Tras dos años de prórroga presupuestaria llegó la pandemia del Covid y la deuda pública ya supera el 122% del PIB. Hoy el Gobierno de Sánchez ha elaborado unos presupuestos expansivos sobre unas previsiones que tanto el Banco de España como la OCDE y el Fondo Monetario Internacional consideran irreales. Por si fuera poco el Eurostat, la Oficina Europea de Estadística, sitúa a España a la cola del crecimiento económico y de la productividad de todos los países de la Unión.

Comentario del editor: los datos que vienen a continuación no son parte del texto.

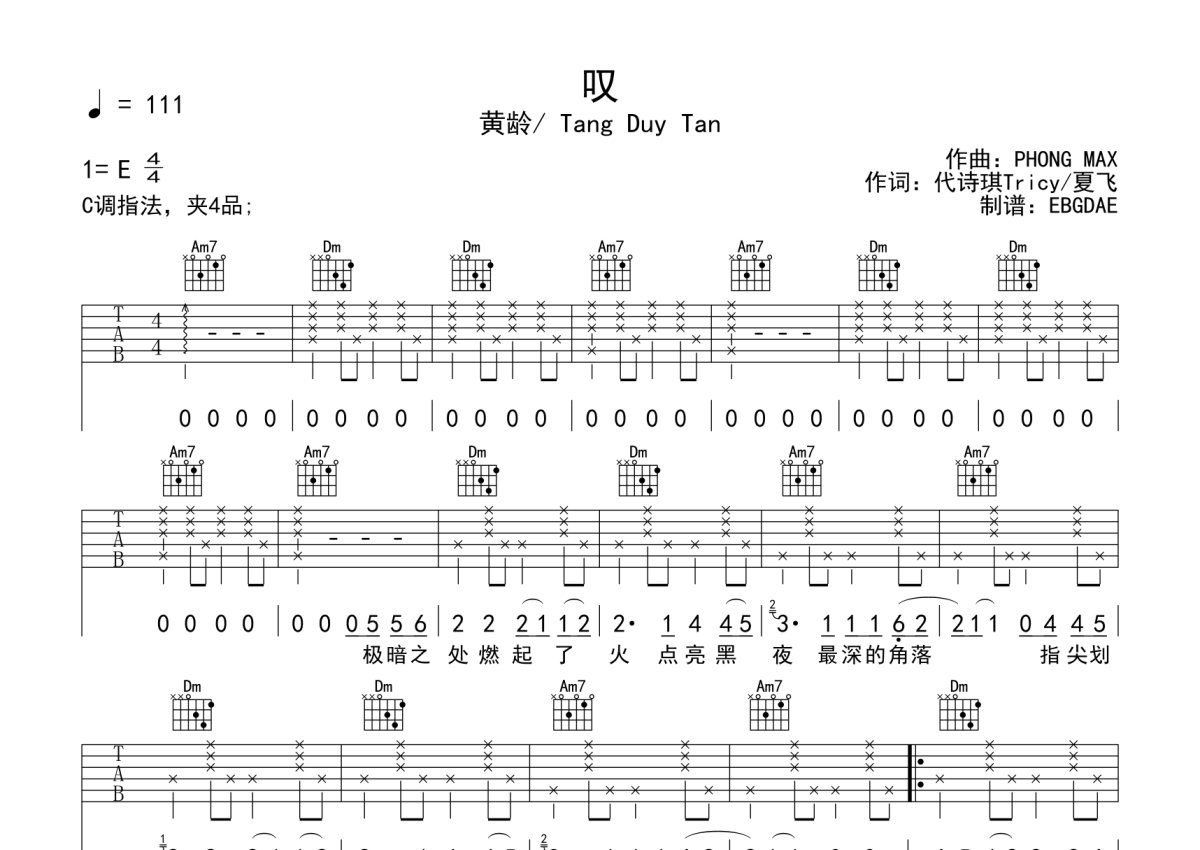 黄龄/ Tang Duy Tan《叹》吉他谱 - C调弹唱六线谱

Y en esto llegó la Inflación. De todos es sabido que existen cuatro formas de reducir el peso de la deuda: crecer más, subir impuestos, reducir el gasto o dejar que la subida de precios la vaya drenando. El crecimiento económico está estancado. La subida de impuestos ocasiona menor inversión y estancamiento económico, la reducción del gasto no hace ganar elecciones. Los gobiernos y los Bancos Centrales han optado por la cuarta opción: dejar que la inflación vaya disminuyendo el peso de la deuda. Pero parece que el asunto se les escapa de las manos. Dijeron que los precios subirían el 2% anual y resulta que triplicamos. Decían que el fenómeno era coyuntural y pasajero y ahora ya lo consideran estructural y duradero. Y el gobierno mirando hacia otra parte, como si la retirada de estímulos del Banco Central no se fuera a producir. Esta ola también le pasará por encima, nos pasará a todos.

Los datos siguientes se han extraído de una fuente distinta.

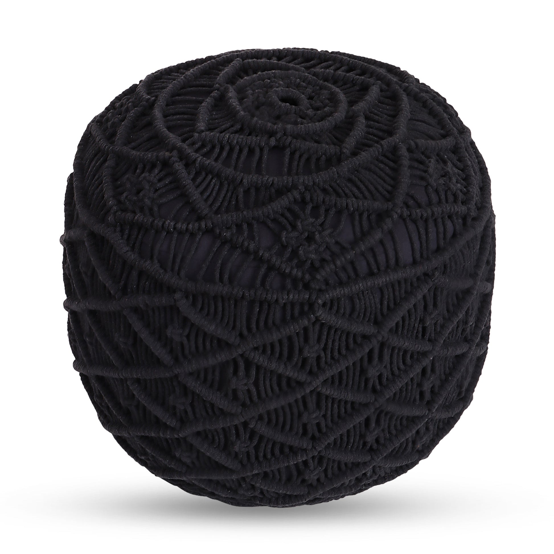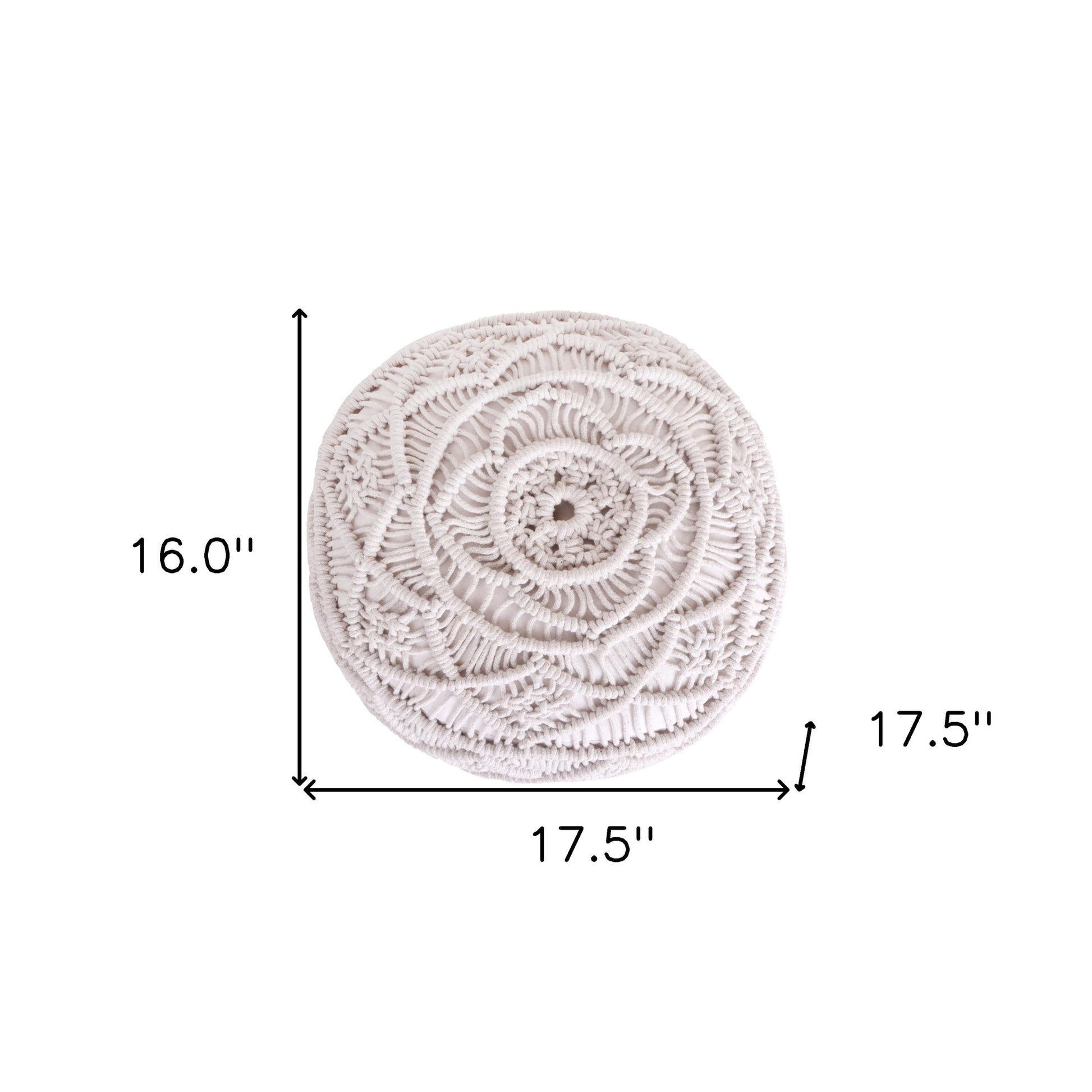 Practicality and fashion mix together with this handy 18" light gray cotton blend and brown round pouf ottoman. Add chic style to your space with this fun pouf that not only looks cool but can be a great foot rest or extra seat when needed. Expertly upholstered with padding in a soft solid color cotton blend, this ottoman is as comfortable as it is good looking. Easy to blend into most any room, a ottoman is a way to add a good looking accent to your space that can also be practical and useful. . 16" H x 17.5" W x 17.5" D

Siempre la inflación pincha burbujas y pone el pie en tierra a quienes creen que aumentar la deuda sin control es la solución a la escasez, que el dinero gratis crea prosperidad. Y aquí viene el engaño. Los que ayer se manifestaron en contra de los recortes del gasto hoy no tienen remedio para el recorte que en los bolsillos de todos los ciudadanos implica la subida de precios. Ya me lo dijo hace algunos años un amigo socialista: “El remedio será dejar subir la inflación porque la gente lo nota menos que si se recorta el gasto”. Pues no, la gente lo nota más y tiene peores consecuencias para el crecimiento económico. La inflación rompe sociedades y es la mayor causa de desigualdad. Beneficia a quienes poseen activos y a quienes tienen capacidad de endeudarse y perjudica a quienes ven que sus sueldos o pensiones no crecen al ritmo de los precios. Las políticas de gastar más de lo que se produce siempre han acabado igual y quienes las promueven lo saben.

La inflación está causada por la impresión descontrolada de dinero. Pero los políticos responsables de la misma culparán a los empresarios de subir precios por su avaricia. No hay nada como escoger chivos expiatorios para evitar reconocer la propia culpa.